In dit verband wordt gesteld dat in de bestreden beschikking wordt geoordeeld dat het betoog van rekwirante kennelijk ongegrond is en dat zij had kunnen opkomen tegen het loonstrookje voor januari 2010, nu zij vanaf dat moment op de hoogte was van haar positie. Dat loonstrookje is niettemin geen besluit dat zelfstandig kan worden aangevochten, aangezien het geen uitputtende weergave biedt van de positie van rekwirante op het moment van pensionering. Volgens vaste rechtspraak op dit punt is het loonstrookje, als boekhoudkundig administratief besluit, op zichzelf geen bezwarend besluit en kan het derhalve bij gebreke van andere vaststaande onderdelen niet worden aangevochten. Het systeem SysPer 2 volstaat niet om de hoogte van toekomstige pensioenrechten te berekenen en ook "Calculette Pension" levert niet meer dan een indicatief, niet-aanvechtbaar richtsnoer. Conticchio kon pas in beroep komen toen een definitief, schriftelijk meegedeeld besluit was genomen betreffende de toekenning en de berekening van haar pensioenrechten, want pas op dat moment heeft zij zekerheid gekregen over de precieze hoogte van haar maandelijkse pensioenuitkering.

Tweede middel: Schending van het recht op rechterlijke bescherming en van het recht op een openbaar proces.

Het Gerecht voor ambtenarenzaken was van oordeel dat het op de stukken kon beslissen en heeft de procedure niet voortgezet, maar bij met redenen omklede beschikking beslist. Deze beslissing heeft inbreuk gemaakt op rekwirantes recht op volledige rechterlijke bescherming. Conticchio is namelijk niet in de gelegenheid gesteld haar redenen uiteen te zetten noch heeft zij nader kunnen ingaan op de eventuele gronden van niet-ontvankelijkheid en/of ongegrondheid van haar beroep. Aldus is het beginsel van een billijk proces geschonden. In dat verband verdient vermelding dat in artikel 41 van het Handvest van de grondrechten van de Europese Unie het recht op behoorlijk bestuur is neergelegd, opgevat als het recht van eenieder dat zijn zaken door de instellingen en organen van de Unie onpartijdig, billijk en binnen een redelijke termijn worden behandeld. Dat recht behelst onder meer het recht van eenieder te worden gehoord voordat jegens hem een voor hem nadelige individuele maatregel wordt genomen.

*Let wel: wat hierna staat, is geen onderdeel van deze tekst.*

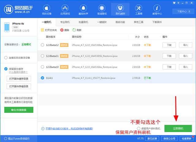 为了适合小白果粉降级,小编还是建议您使用爱思助手进行降级,这样容错率就会大大降低。使用数据线连接这个刷机工具,点击进入“刷机越狱 --> 一键刷机”界面,在下方下载IOS11.4.1固件,下载完之后,点击“立即刷机”,切记千万不要勾选“保留用户资料刷机”,否则会刷机失败或者刷机成功后无法开机。”
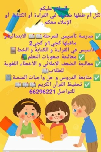 66296221 مع اقتراب الإختبارات لكل من يحتاج تأسيس طفله وتحسين مستواه،معكم مدرسة جميع المواد، للمرحلة الابتدائية. تأسيس يبدأ من الصفر،كجي1 وكجي 2، تأسيس على القراءة و الكتابة و معالجة الضعف الإملائي،تحسين مستوى الخط،تعديل مخارج الحروف لنطق الصحيح تأسيس شامل "عربي ، رياضيات،انجليزي"، مع متابعة الدروس و حل الواجبات معالجة صعوبات التعلم و تعديل السلوك و فرط الحركة تحفيظ القرآن الكريم موجودةب لوسيل الخور، معيذر،مريخ،الخريطيات،أم قرن، المسيلة، الثمامة، الصخامة والعزيزية بالوكرة الوكير والسيلية،والريان وبني هاجر،الغرافة،أزغوى..... للتواصل واتساب او اتصال66296221

Derde middel: Ongerechtvaardigde verrijking - Schending van het recht op een behoorlijke procedure.

Het beroep is niet te laat ingesteld, aangezien de onderdelen van het onderhavige middel aan de hand van het loonstrookje op geen enkele manier konden worden vastgesteld. Rekwirante heeft pas op het moment waarop zij het besluit betreffende de berekening van het pensioen heeft ontvangen, namelijk op 26 mei 2010, kunnen vaststellen dat de Commissie ongerechtvaardigd was verrijkt. Rekwirante is er namelijk nooit volledig van op de hoogte geweest hoe hoog de gestorte premies waren, aangezien zij daarover nooit mededelingen van de verantwoordelijke diensten van de Commissie heeft ontvangen. Daarnaast is de actuariële tegenwaarde van de pensioenpremies die voordien in Italië aan het INPS waren gestort, aan de Commissie overgemaakt door ze aan de pensioenregeling van de Gemeenschappen over te schrijven, waardoor een wanverhouding is ontstaan tussen het pensioen dat rekwirante ontvangt en de premies die zij gedurende haar loopbaan heeft gestort. De administratie heeft zodoende eerst premies van een bepaalde hoogte gevorderd en vervolgens een bepaalde anciënniteit toegewezen die lager is dan het daadwerkelijke aantal loopbaanjaren, zodat de administratie ongerechtvaardigd is verrijkt ten koste van haar ambtenaren.